I think that the implication that people may presume in my critique above is
that I think the problem is the developers not being better, but that's
perception is a big part of the profit motive that I'm critiquing. If success
is a zero sum game then sure, you want only the best, but what I'm critiquing
is that it is that very same zero sum game which makes it harder for these
corporate developers to get ahead. I'm not charging some evil master plan,
just that it's not realistic to presume that all developers must be top of
their game at any one point in their career, or even that it must be their
primary motivation in life.

I don't think the problems these developers face are only related to
contemporary society seeing the corporate profit motive prerogative as
paramount. It's also the attitudes of other developers who look down on them
and put them down and actively detract from the reputation of those "corporate
drones" who aren't as good as them. How about maybe didn't have the same
opportunities? How about didn't get the same influences in school? How about
just not having any mentors to show them the ropes? I find myself mentoring _a
lot_ and yet I also find it important to not be patronizing, but that's not
very hard when I appreciate and am thankful to be working with these
developers because they have so many good qualities, even if they haven't yet
learned some abstract coding concepts and maybe aren't even interested in
learning them.

But bleeding heart for the poor drones is not even the point, that's
patronizing in itself. I think the self-described non-drone developers that
look at things this way who are as negatively affected by the perception
problems. On a delusionary scale of one to ten who's the more delusional one?
The true believer in the way things work right now and is hoping for their big
Startup break so that they too will be winners and _free_? Or the corporate
drone developer who's a survivor, who's often an immigrant or foreign worker,
who's sending remittances home every year, or who's already lost all hope and
for whom thinking about career is about the time they reach for the depression
meds.

It's also worth considering that the negative weight that is assigned to these
developers is just plain factually wrong. First of all the corporations that
hire them are making buttloads of money upon the work of these "unskilled"
developers. And anyway, what exactly should we do with this supposedly dead
weight? Throw them out of the village? Banishment? Their lives aren't worth as
much? There isn't a place for them at the success in life table like there is
for the better developers? Is it that they don't work as hard? Really?
Hmmm...and what is this work of which you speak, bank software? Health
insurance statement producing doofangles that too 65 hours a week for the past
two months because the integration with the COBOL backend was acting up again
and the nightly batch jobs from partner corps sent to the FTP dropbox were
frequently corrupted? Hmmm.

And then some smartass comes along and tells them they're stupid for using FTP
or some other random criticism, some developer _always_ has a better way to do
it of course, but fails to realize that the developer they are talking about
simply has no say, no time to research, and nobody pointing to sources of
information that will make it easier. Not everyone reads HN.

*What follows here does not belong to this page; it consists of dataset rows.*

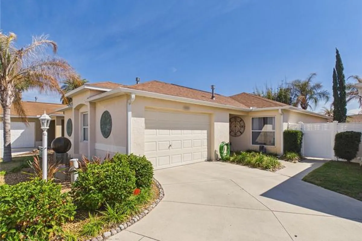 The Woodlawn Courtyard model is beautifully designer-finished and move-in ready, offering stylish upgrades and exceptional comfort throughout. Both bathrooms have been completely renovated with brand-new showers, including a stunning primary suite bath and an updated secondary bath, creating spa-like spaces you’ll enjoy every day. The spacious primary suite also features a large walk-in closet, while the second bedroom feels like its own private suite—perfect for guests. New contemporary lighting enhances the home’s modern appeal, and with No Bond and 5 year old roof, you’ll enjoy added financial peace of mind. Step outside to a spacious backyard and side area complete with a covered sitting space, ideal for relaxing or entertaining. Available for immediate closing, this home is ready for you to start your next chapter right away. Ideally located just off Canal Street with easy access to Sumter Landing, this villa is also conveniently close to Bacall Pool, championship golf, and multiple nearby golf courses, making it the perfect blend of style, comfort, and prime location.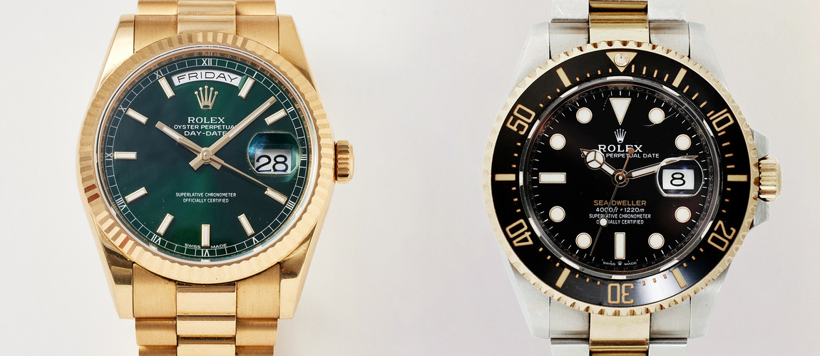 A Rolex Day-Date in 18K is one of the highlights. It features a president bracelet and an English racing green dial. From the most eccentric environments of the 70s comes luxury and extravagance packaged in a Corum Rolls Royce, made of, needless to say, 18K gold. But it's not even half as sporty and freshly groomed as the Omega Seamaster with a blue rotating bezel around the sapphire crystal. Three examples that demonstrate the breadth of the theme. In addition to these, wristwatches from brands such as Breitling, Certina, Longines, Tiffany & Co, Jaeger Le-Coultre, and several other top-notch Rolexes are also offered.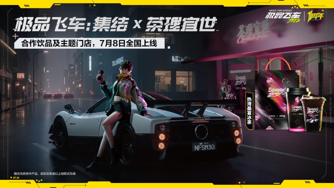 7月8日起,《极品飞车:集结》与茶饮品牌茶理宜世联手搞事情啦~合作饮品“热湾桑葚冰茶”将席卷全国门店!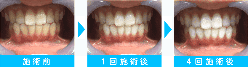 歯の本数による料金アップはありません。お口を開けて、見える範囲すべてのホワイトニングで一律料金です。効果の出方には個人差がございますが、1回の施術で2~4トーン白くなる方が多くいらっしゃいます。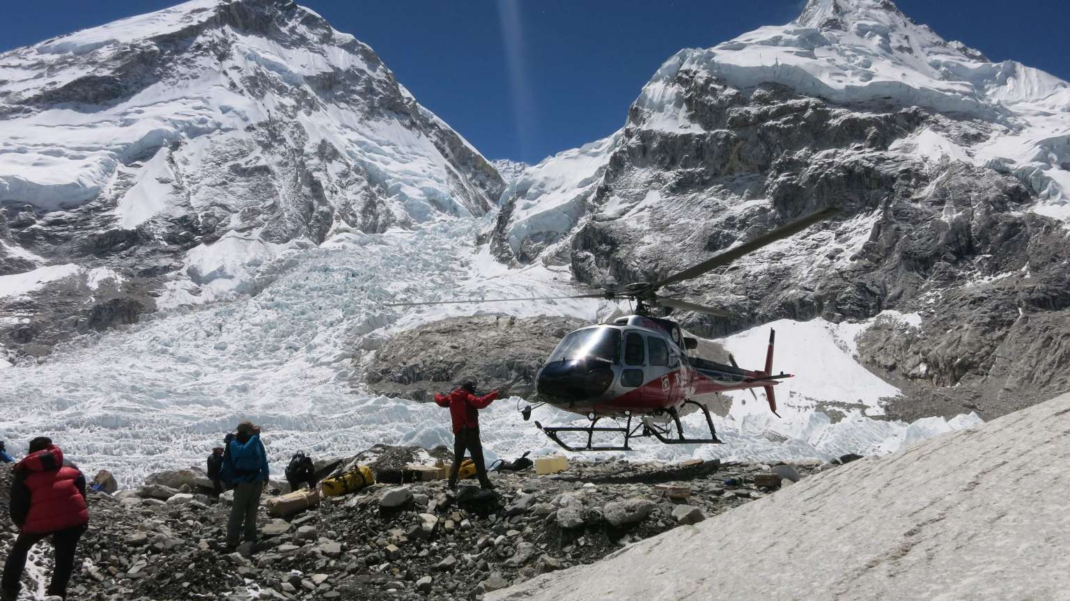 Mountaineers gathering as a helicopter lands at Everest Base Camp, on May 15, 2016.

I think the problem may not be those less skilled developers, the problem is
social conditioning and the narrative of what success is being all wrong.

We might talk a good game about looking for happiness in all the right places
but that seems to break down pretty damn quick the moment we start critiquing
those drones for not being good enough workers for the greater good. So what
is is? Socialist or Capitalist? Or is the Left and Right narrative that guides
our intellectual, political, and populist debate simply completely broken to
begin with. But I think that broken narrative are what guides the conversation
and attitudes as they relate to the concept of better or worse developers and
how they contribute to us, presumably the great ones that is.

So my actual criticism is really about the attitudes, both those "greater
good" attitudes, and those profit motive constraints which remove so much of
the joy in a job well done. "More bricks, less hay" seems to be all we hear in
corporate-land. Or at least, that's all I hear, maybe your bigcorp is a
healthier society.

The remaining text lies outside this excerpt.